And sure enough, without breaking stride, he is back to the daily grind at Al Kasik, a small base in northern Iraq where he has spent the past several months teaching members of the Iraqi Army how to distribute food, fuel and other equipment to units in the field.

Matt Bowen, 35, is a captain with the 1st Battalion, 485th Regiment, 108th Division of the U.S. Army. His yearlong tour of Iraq started in mid-June. But he left his Forsyth County home two months earlier for training at Fort Hood, Texas.

His military obligation took him from Sandy, his wife of 13 years, and their two boys, Sawyer, 7, and Henry, 2.

Matt landed on American soil Dec. 9 to teach a class on training techniques to soldiers at Fort Riley, Kan.

Sandy, flying in from Greensboro, was in hot pursuit.

Almost-daily phone calls and e-mails kept them in touch, but it wasn't enough. She wanted to look deep into his eyes and see whether war had changed him.

Sandy knew that Matt had been in dangerous situations. In his first phone call to Sandy from Iraq last summer, he told her that his convoy was hit with small-arms fire while traveling through Mosul. People have asked her: "Why does he tell you everything?"

But Sandy craves information.

"It helps me know what I need to be praying for," she said.

Before the plane landed in Kansas City, the tears started. They flowed long after she bolted into his arms. "To see him, to hold him, to touch him was the best feeling," she said.

He looked great. He was sporting a new bald pate that took some getting used to, but he was the same old Matt, she said.

While family cared for the boys back in Winston-Salem, the Bowens reconnected in Manhattan, the town next to Fort Riley. The Bowens lived there shortly after they were married and they enjoyed going back to some of their favorite restaurants.

"It was like a little honeymoon," Sandy said.

Being chosen to teach the class meant that Matt could spend a few extra days with Sandy and out of harm's way.

He arrived in Winston-Salem on Dec. 15 to a home exuding holiday warmth: The tree was up, the stockings hung, the presents wrapped and a ceramic Christmas village arranged on a desk.

Sandy had worked diligently in the weeks before Matt's return to get the house in order so that during his break he could kick back and enjoy some of the simple pleasures of family life.

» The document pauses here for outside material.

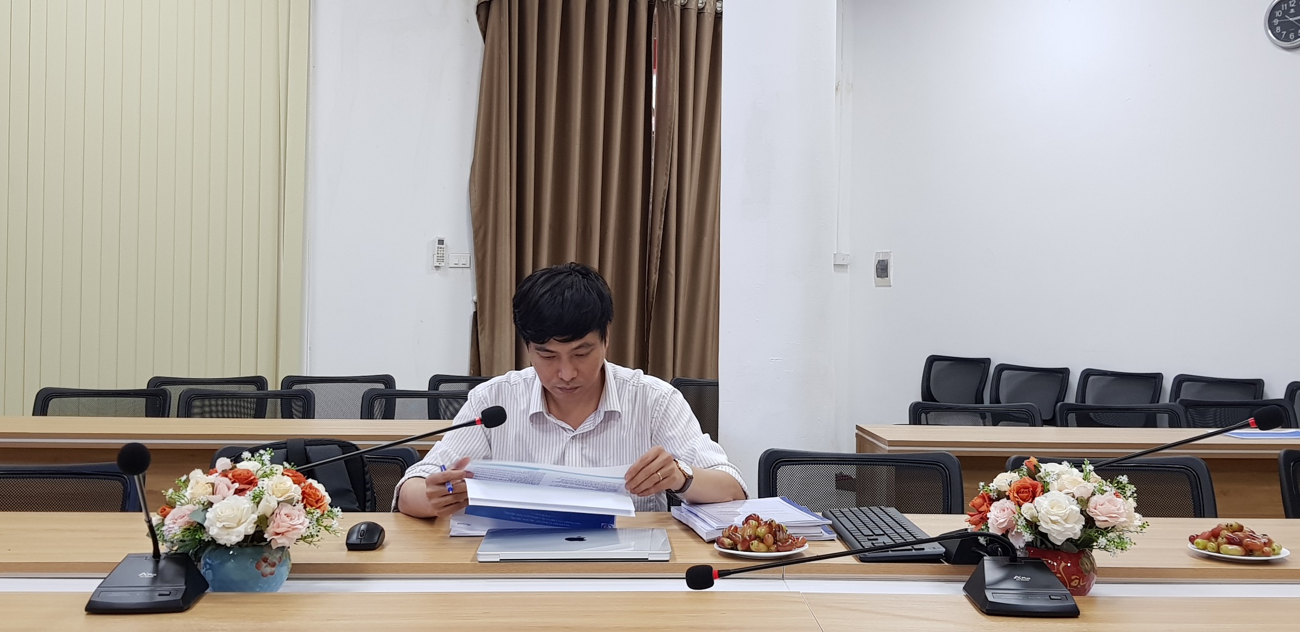 Sau khi Đại diện phòng Quản lý khoa học và đào tạo công bố Quyết định của Viện trưởng Viện Nghiên cứu chiến lược, chính sách Công Thương về việc thành lập Hội đồng chấm tiểu luận tổng quan cho NCS. Bùi Nguyễn Anh Tuấn, giới thiệu đại biểu tham dự, PGS. TS Đinh Văn Thành đã chủ trì buổi chấm 3 chuyên đề tiến sĩ.

He played video games with the boys; helped Sandy fix supper; and ate at his favorite Mexican restaurant.

On Dec. 20, Matt was in the thick of the action at Skate Haven, where Sawyer, with the help of about 15 buddies, celebrated his seventh birthday. Matt gamely attempted the Hokey Pokey in the center of the rink and calmly picked off pieces of pepperoni for kids clamoring for just cheese on their pizza.

It was a world far removed from the one that he had left. Matt is stationed in a rural section of Iraq that, he said, is relatively safe compared with Baghdad and southern Iraq. Still, he stays in a constant state of readiness, always on the lookout for roadside bombs and armed insurgents.

He frequently accompanies Iraqi soldiers when they venture into villages to nab blacklisted insurgents. He rides in convoys to Tal Afar and Mosul, urban areas rife with violence.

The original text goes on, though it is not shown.